The film tells the story of Jackie Robinson’s first two years of professional baseball when he became the first African American to play in the major leagues since the 1890s.  It was a momentous development for baseball and for American society.

(My wife said that a student in her class was disappointed that this film turned out to be a lot about race and not enough about baseball.  Poor guy.  He probably likes films with lots of explosions, too.  I’m hoping that when he gets older he’ll understand the world a bit better.)

As this teenager discovered, “42” is about race in American history, with themes that I’ll hit in my next blog.  For now, let’s talk baseball.

If you are one of those poor, confused souls who thinks that baseball is boring, you should pay attention to the scene where Robinson takes his first at bat in spring training against his fellow white ball players on the Dodgers.  Let’s just say that there is nothing boring about a baseball flying in at your head at 90 mph.  More to point, I know of no other film that does a better job of capturing the mental battle that take place between a pitcher and catcher in each at bat.  Of course, we are drawn into this battle in the film because of the momentous racial context that this athletic moment represents.  But let me point out that in games without this racial drama, a similar battle still takes place in every at bat.  The same scene wonderfully demonstrates the mental pressure that Robinson regularly put on opposing pitchers once he got on base.  It’s great baseball.

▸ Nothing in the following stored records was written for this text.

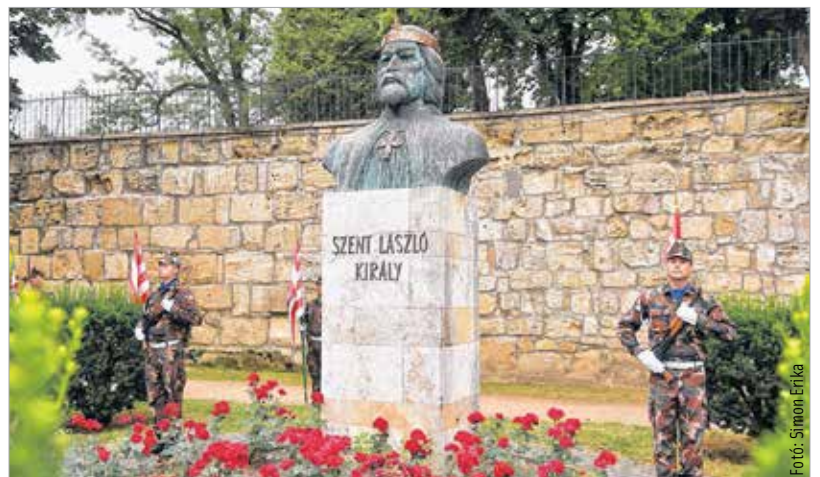
A hazáját védelmező Szent László dicső haditettei és emberi nagysága alapján az első világháború utáni időkben választották a lővészek védőszentjévé
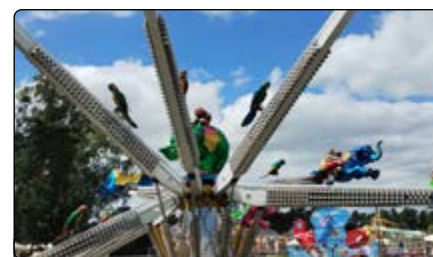
Karuzele dla małych i dużych
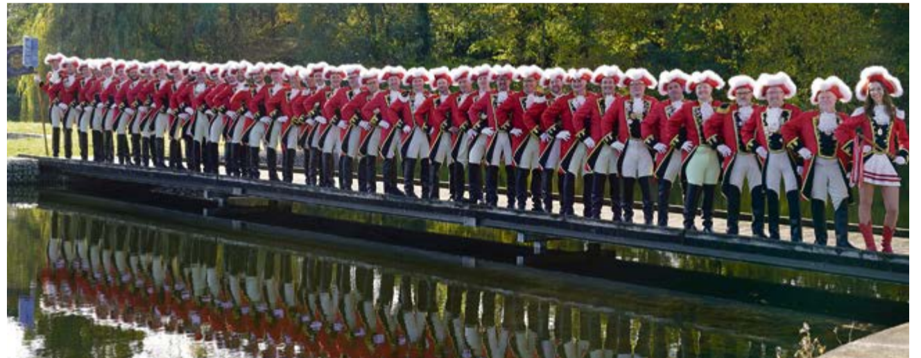
Die Prinzengarde besteht seit 1949 und feiert 75-jähriges Bestehen. Wie immer wählt die Prinzengarde das Funkenmariechen der Session.

Die Aufgabe der Garde war ziemlich schnell umrissen: Sie sollten den Prinzen

I also love the way the filmmakers established camera angles from right over the shoulder of the catcher.  One not only gets a visceral sense of the speed of pitches coming in, but you see the sweeping arcs of line drives to the outfield right off the bat, as if you were the hitter yourself.

Look closely — there’s a hill out there in Crosley Field!

And thanks to the marvels of computer generated imagery, “42” managed to recreate the sights and spatial sense of the interiors of old ball parks.  These were famous stadiums that were destroyed before I got a chance to see them:  the Polo Grounds in New York, Ebbets Field in Brooklyn, and Crosley Field in Cincinnati.  (It’s too bad that the film didn’t put in the four foot slope that extended up to the left field fence in Crosley Field, but I suppose that this detail would have just confused or distracted viewers).

Finally, if you don’t understand the appeal of baseball, but are interested in having your life deeply enriched by it, (how can you not want to have your life enriched by baseball?) you should read a wonderful book by Doris Kearns Goodwin entitled Wait Till Next Year.  My wife’s book club (which isn’t exactly packed with baseball fans) is reading it this summer.  It’s Goodwin’s memoir about growing up in Brooklyn as a hopelessly smitten fan of the Dodgers.  Her account of her first communion is worth the price of admission.  It’s a wonderful account of baseball, family and history.  What could be better for a summer read?